Puis elle saisit vivement le paquet, et défit l’enveloppe, tout en disant:
– Dieu de Dieu! avons-nous cherché, ma sœur et moi! Et c’est vous qui l’aviez trouvé! Sur le boulevard, n’est-ce pas? ce doit être sur le boulevard? Voyez-vous, ça a tombé quand nous avons couru. C’est ma mioche de sœur qui a fait la bêtise. En rentrant nous ne l’avons plus trouvé. Comme nous ne voulions pas être battues, que cela est inutile, que cela est entièrement inutile, que cela est absolument inutile, nous avons dit chez nous que nous avions porté les lettres chez les personnes et qu’on nous avait dit nix! Les voilà, ces pauvres lettres! Et à quoi avez-vous vu qu’elles étaient à moi? Ah! oui, à l’écriture! C’est donc vous que nous avons cogné en passant hier au soir. On n’y voyait pas, quoi! J’ai dit à ma sœur: Est-ce que c’est un monsieur? Ma sœur m’a dit: Je crois que c’est un monsieur!

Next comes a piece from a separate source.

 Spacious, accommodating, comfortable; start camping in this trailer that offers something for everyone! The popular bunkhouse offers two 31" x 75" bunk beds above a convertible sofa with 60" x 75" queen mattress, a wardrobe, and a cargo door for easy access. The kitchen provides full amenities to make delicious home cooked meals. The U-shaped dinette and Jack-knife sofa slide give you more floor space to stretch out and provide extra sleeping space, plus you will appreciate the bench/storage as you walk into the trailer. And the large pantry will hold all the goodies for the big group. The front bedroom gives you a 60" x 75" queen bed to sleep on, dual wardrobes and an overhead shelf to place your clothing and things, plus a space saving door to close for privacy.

Cependant, elle avait déplié la supplique adressée «au monsieur bienfaisant de l’église Saint-Jacques-du-Haut-Pas».
– Tiens! dit-elle, c’est celle pour ce vieux qui va à la messe. Au fait, c’est l’heure. Je vas lui porter. Il nous donnera peut-être de quoi déjeuner.

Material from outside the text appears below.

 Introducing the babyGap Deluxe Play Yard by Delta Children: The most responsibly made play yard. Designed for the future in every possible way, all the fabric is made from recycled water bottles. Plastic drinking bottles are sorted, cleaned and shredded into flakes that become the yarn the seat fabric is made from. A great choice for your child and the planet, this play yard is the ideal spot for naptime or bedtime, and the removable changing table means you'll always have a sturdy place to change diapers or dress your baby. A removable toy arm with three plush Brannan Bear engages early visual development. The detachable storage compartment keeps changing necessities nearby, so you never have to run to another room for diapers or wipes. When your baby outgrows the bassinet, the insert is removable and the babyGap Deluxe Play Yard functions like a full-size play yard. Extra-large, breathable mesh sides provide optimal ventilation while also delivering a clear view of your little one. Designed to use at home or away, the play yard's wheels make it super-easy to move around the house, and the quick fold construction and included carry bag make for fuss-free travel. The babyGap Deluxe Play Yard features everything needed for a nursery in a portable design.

Puis elle se remit à rire, et ajouta:
– Savez-vous ce que cela fera si nous déjeunons aujourd’hui? Cela fera que nous aurons eu notre déjeuner d’avant-hier, notre dîner d’avant-hier, notre déjeuner d’hier, notre dîner d’hier, tout ça en une fois, ce matin. Tiens! parbleu! si vous n’êtes pas contents, crevez, chiens!
Ceci fit souvenir Marius de ce que la malheureuse venait chercher chez lui.
Il fouilla dans son gilet, il n’y trouva rien.
La jeune fille continuait, et semblait parler comme si elle n’avait plus conscience que Marius fût là.